I do love him. However I don't see him changing for the better. Sometimes I do see him trying, but he ALWAYS reverts back to the "old I am not accountable for my actions" person. He is smart but pretends to not know what he's doing to hurt me. He acts like he is so confused as to why I am so hurt! And ALL of this behavior happened AFTER we married! It started on our honeymoon. The last week of two weeks. He was pissed because I was "feeling hurt" over him screwing hookers!!!!!! Oh I am so sorry for being hurt my dear sweet husband! He said that there is a time and place for feeling that way and we should just enjoy our honeymoon and deal with that later! I was dumbfounded! And that was the First sign of his change in attitude. Any suggestions of the truthful nature would be welcome. I know most of you will say leave him, BUT where do I go?

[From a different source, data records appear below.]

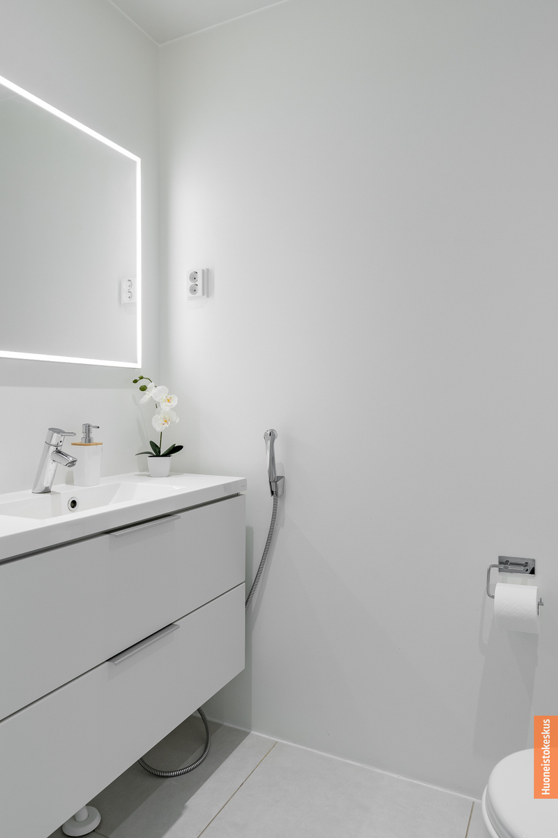| Kylpyhuoneen kuvaus | Allaskaappi, lattialämmitys, peilikaappi, suihku, suihkuseinä ja wc-istuin, seinät (kaakeli), lattiat (laatta) |
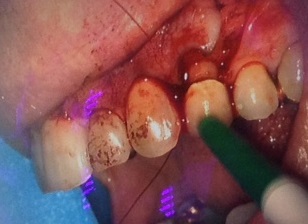 Un lambeau vestibulaire est ouvert et l’apex apparaît après nettoyage de la cavité osseuse.
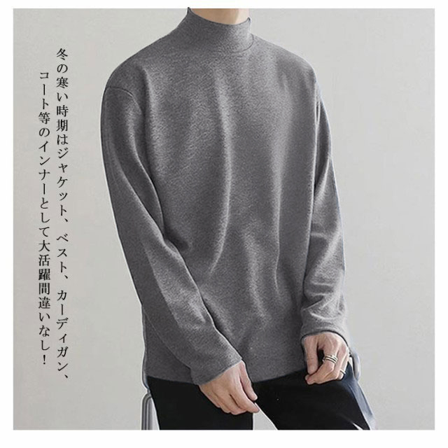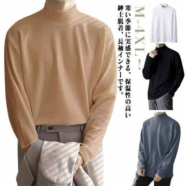 ハイネック tシャツ メンズ 長袖 インナー ロンT 秋冬 両面起毛 インナーシャツ 防寒着 防寒 肌着 あったか ヒートインナー あったかインナー 柔らかい ストレッチ トップス カットソー タートルネック 裏起毛 保温 極暖 吸湿発熱 インナー 大きいサイズ 無地
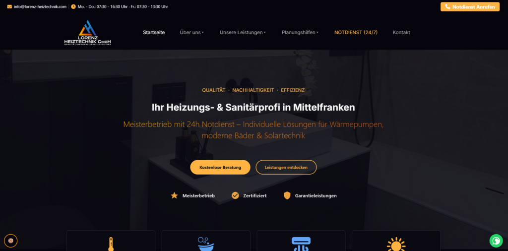 - Bis zu 8 Unterseiten (z.B. Home, Leistungen, Über uns, Kontakt)

I have no one!


----------



## HappyAtLast (Jan 25, 2010)

I know it's easy for me to tell you what you should and shouldn't do, but if I were you, I never would have married him in the first place...if it had been a one night stand, and he felt guilty and remorseful, that would be one thing, but when he sleeps with women, well, o.k. if you want to call hookers women, over and over again, he is a serial cheater and won't stop.
I know this is very hurtful for you, but you can't live like this forever...something has got to give. Do you have anyone you can stay with that can help you? This guy needs to be kicked to the curb...and fast.
Good luck...I wish you all the best.


----------



## Jellybeans (Mar 8, 2011)

Get a job, get money and leave. Can you stay with family? Friends?

You married this guy knowing full well he cheated on you with several prostitutes and blamed you for his decision. You married him knowing he has a pattern of ZERO accountability.

The choice to stay or leave is yours but you already know what most people are going to say...


----------



## sinnister (Dec 5, 2010)

Others may feel differently but:

Cheating is one thing...cheating with pro's is entirely another. Did he ever give a reason for it? And no you are not alone. Nobody would ever admit it but I'm sure a good percentage of cheaters see pro's because you don't have to put the work in.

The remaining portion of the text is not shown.